247 – O presidente interino, Michel Temer, pode estar deixando se esvair o suposto sentimento de otimismo na economia e a confiança do setor econômico para implementar medidas impopulares a fim de ajustar as contas fiscais do País. Para o economista-chefe do Credit Suisse no Brasil, Nilson Teixeira, o governo tem demorado para dar andamento a propostas nesse sentido, agindo, na verdade, de forma contrária ao ajuste fiscal, a fim de consolidar o impeachment.
Em artigo publicado no Valor Econômico nesta quarta-feira 27, Nilson Teixeira afirma que em vez de Temer ter proposto "medidas econômicas fortes" para construir "um ambiente mais favorável à retomada sustentável", está fazendo o "contrário", apoiando, ou até mesmo capitaneando, "diversas decisões que contrariam a consolidação fiscal".
Ele dá como exemplo "os reajustes de salários para a elite do funcionalismo público, a ampliação do Simples, a elevação do benefício do Bolsa Família acima da proposta pelo governo afastado, a não compensação de eventual déficit de entes regionais pelo governo central e a renegociação da dívida dos Estados com contrapartidas pouco restritivas".
"A postergação do anúncio da maioria das medidas necessárias e as decisões que elevaram o déficit fiscal confirmam que o governo interino optou por evitar qualquer risco de reversão do impeachment", escreve o PhD em economia. Ele prevê ainda que, "quanto mais próximo das eleições de 2018 e das definições dos partidos políticos sobre coligações para as eleições presidenciais e estaduais, mais difícil será angariar apoio de 308 deputados e 49 senadores para aprovar reformas que imponham redução de direitos dos eleitores".
"O passado recente demonstra que a percepção pode piorar repentinamente, por exemplo, com uma mudança no ambiente global. Nesse caso, o otimismo evapora; e, em algum momento, o benefício da dúvida expira. O tempo para a construção de um ambiente mais favorável à retomada sustentável da atividade está contando ou, de outra forma, acabando. Ao fim, as promessas não comprarão mais tempo, e a crise pode retornar", analisa.
Leia abaixo a íntegra do artigo:
Confiança pode expirar em novembro
Por Nilson Teixeira
A meta de déficit primário do setor público de R$ 143,1 bilhões para 2017, que já inclui receitas não recorrentes, não sinaliza uma expressiva reversão da deterioração das contas públicas. Há risco significativo de esse déficit ser ainda maior. A proposta da PEC 241 de limitar a expansão das despesas em termos reais, inclusive com saúde e educação, à inflação do ano anterior não será cumprida sem uma ampla reforma da Previdência Social.

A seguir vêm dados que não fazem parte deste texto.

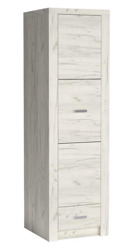 Skříňka má jedny dveře a jedna zásuvka; uvnitř se nachází prostor s šatní tyčí pro zavěšení oděvů. Materiál tvoří kvalitní laminovaná deska s ABS hranami o tloušťce 0,5–0,8 mm, úchyty jsou kovové. Barevné provedení: jasan bílý. Rozměry: šířka 56 cm, hloubka 58 cm, výška 192 cm. Dodáváme v demontovaném stavu, což usnadňuje přepravu i montáž. Díky světlému odstínu jasan bílý skříňka působí vzdušně a praktické vnitřní řešení usnadní organizaci oděvů i doplňků.
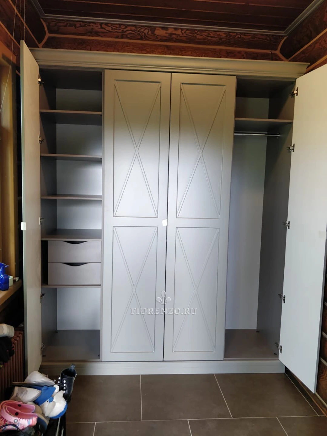 В каталоге FIORENZO вы найдете большой выбор уникальной мебели для современных интерьеров. Она качественная, красивая, имеет эксклюзивный дизайн. Индивидуальное проектирование позволяет получать решения, которые идеально удовлетворят запросы заказчика. Шкаф «Линьер» в стиле прованс для спальни подойдет для установки в нишу, просто у стены. Он высокий, вместительный, предполагает наличие функциональных антресолей.

Mesmo no cenário otimista, o Brasil registrará déficit primário nos próximos anos, com alta da dívida pública como percentual do PIB até o início da próxima década. Portanto, os indicadores fiscais continuarão frágeis, apesar da recente melhoria da confiança dos agentes econômicos.
Defendi neste espaço que, logo após sua posse, o governo em exercício propusesse ao Congresso medidas econômicas fortes. Essas propostas incluiriam uma profunda reforma da Previdência, o contingenciamento de despesas obrigatórias, a flexibilização da legislação trabalhista, a reversão de renúncias tributárias, o aumento de impostos e a adoção de um vasto programa de privatização e concessão de serviços públicos. Argumentei que era preciso acelerar o trâmite legislativo para que várias votações já estivessem em andamento neste momento. Isso daria maior sustentação à valorização recente dos ativos financeiros ao reforçar o comprometimento da atual administração com o ajuste fiscal.
O tempo para a construção de um ambiente mais favorável à retomada sustentável está acabando
Ao contrário dessa estratégia, o governo tem apoiado ou, até mesmo, capitaneado diversas decisões que contrariam a consolidação fiscal, como os reajustes de salários para a elite do funcionalismo público, a ampliação do Simples, a elevação do benefício do Bolsa Família acima da proposta pelo governo afastado, a não compensação de eventual déficit de entes regionais pelo governo central e a renegociação da dívida dos Estados com contrapartidas pouco restritivas. Os reajustes salariais para outras categorias do setor público continuam a se propagar, elevando ainda mais as já insustentáveis despesas fiscais.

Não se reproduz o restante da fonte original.